My mother had always been a famous reader, sometimes finding an excuse to read all day, but, more often, she usually just slipped downstairs for an hour or two, curling up on the nubby, gold bedspread and opening a mystery or romance or a biography of Harry S. Truman or Warren G. Harding, people I didn’t know or even care about. Before we three girls came home from school, she would pick up our toys, dust the furniture and vacuum the rugs, and then go to the room she shared with my father, set the alarm for an hour, and begin to read, dreaming about lives and intrigue until we walked in the door.
“Where’s Mom?” we would say, already heading toward the stairs. “What is she doing?” we would ask, knowing we would find her asleep, her glasses on, her face cradled by the last page she had read.

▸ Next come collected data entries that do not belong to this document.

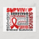 You did it. You survived Stroke. Celebrate your victory with our Stroke Survivor t-shirts, apparel, merchandise, and gifts featuring the word SURVIVOR in a hodgepodge of text fonts arranged in an eye-catching square pattern. A grunge-style red Stroke support ribbon completes this striking design which is sure to catch the attention of those around you as you announce your accomplishment and promote Stroke awareness. Also makes a perfect gift idea for any new Stroke survivor or a survivor anniversary.
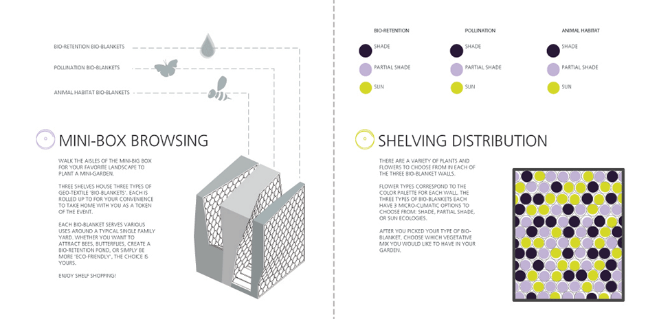 Today, many North American cities can be described as ‘thin carpets of habitation’ held together by a ‘green’ matrix. This is the way Rem Koolhaas famously described Atlanta – more akin to a landscape than a classical city – identifying infrastructure and vegetation as its primary ‘contextual givens’. Rooted in this ecological understanding of the contemporary metropolis, this project proposes an architectural intervention that increases biodiversity in the area through the creation of ‘do-it-yourself ecosystems.’ Utilizing a technology that is underutilized – seed impregnated, bio-blankets – expands the geography and efficacy of the architectural object/project through the popular lifestyle pursuits of shopping and gardening.
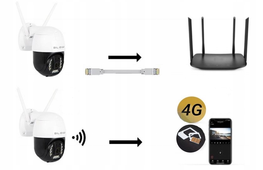 Новая интеллектуальная IP -камера PTZ Blow H343 4G LTE, 4G Антенна 230 В питания сетевой питания с адаптером WAN сетевой кабель/монтажный кабель LAN с винтами для винта на стене. Защита от подключения кабеля, Руководство пользователя в польском DC 12V / 2A с DS 2,1 / 5,5 мм заглушка в наборе с устройством
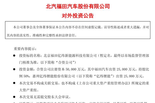 2025年05月27日,北汽福田汽车股份有限公司发布《对外投资公告》。图源:福田汽车公告 为拓展新能源重卡业务,为客户提供多样化的电池租赁解决方案,支持动力电池降本,提高新能源重卡利润率,公司拟与亿纬锂能共同出资设立合资公司。合资公司注册资本为50,000万元人民币,其中,公司以自有资金出资25,000万元,持股比例为50%;亿纬锂...
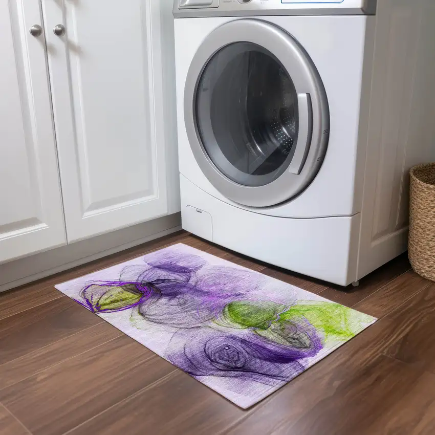 Purple Abstract Washable Non Skid Indoor Outdoor Area Rug
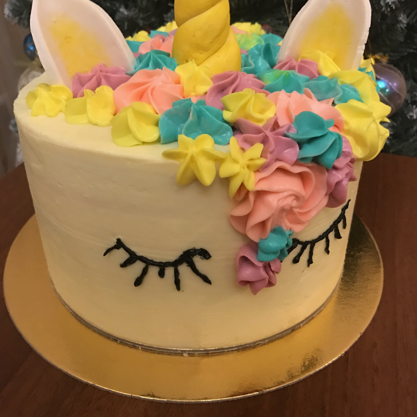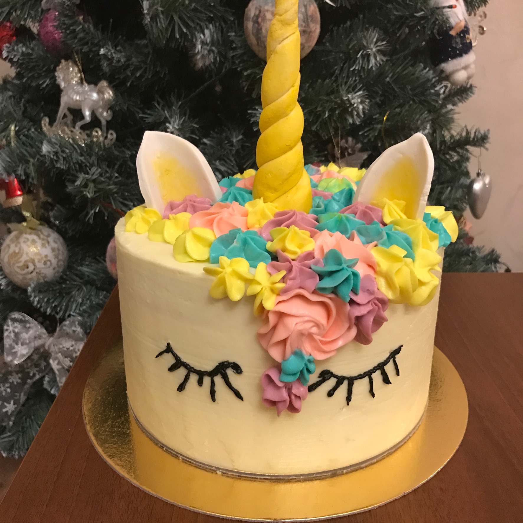 Радужный торт - единорог. Бисквит джоконда, крем- чиз на сливках

My sisters and I eventually learned to wait awhile before waking her up;
instead, going into the kitchen, pouring ourselves great bowls of sugar cereal, or making enormous pitchers of Kool-Aid–usually orange–adding more sugar than was necessary, wiping up spilled sugar with licked wet fingers. Then we would go into the den and flip on the afternoon cartoons. Sometimes, if my mother had read too long and become very tired, she would sleep until almost dusk. She would come up from her room, face folded like a sheet, and say, “You girls know you should wake me up! Your father will be home any minute. What about your homework! Look at the food you have been eating.”
And if we had eaten more than usual, dug into the Hostess Twinkies reserved for lunches or heated up leftover spaghetti in small Revere Ware pans, she would flush.
“You know you aren’t supposed to eat those. . . The spaghetti was supposed to be for dinner.”
With those words, she would banish us to our rooms so we could read and do our homework and think about what we had done wrong.
One fall, after a long illness and just after we three girls had returned to school, my father died. For weeks after the funeral, people would appear, at odd times of the day, bringing us food–casseroles made of corn chips, hamburger, and tomato soup, Toll House cookies, thick, yellow bundt cakes frosted with brandy and pecans. They came with books and flowers. The Mormons–my father had briefly joined the church in college–brought sacks and sacks of canned food: yams, beans, peas, soup, chili. And we received letters, from people we knew, and from people we didn’t, friends of my father’s from long ago and far away.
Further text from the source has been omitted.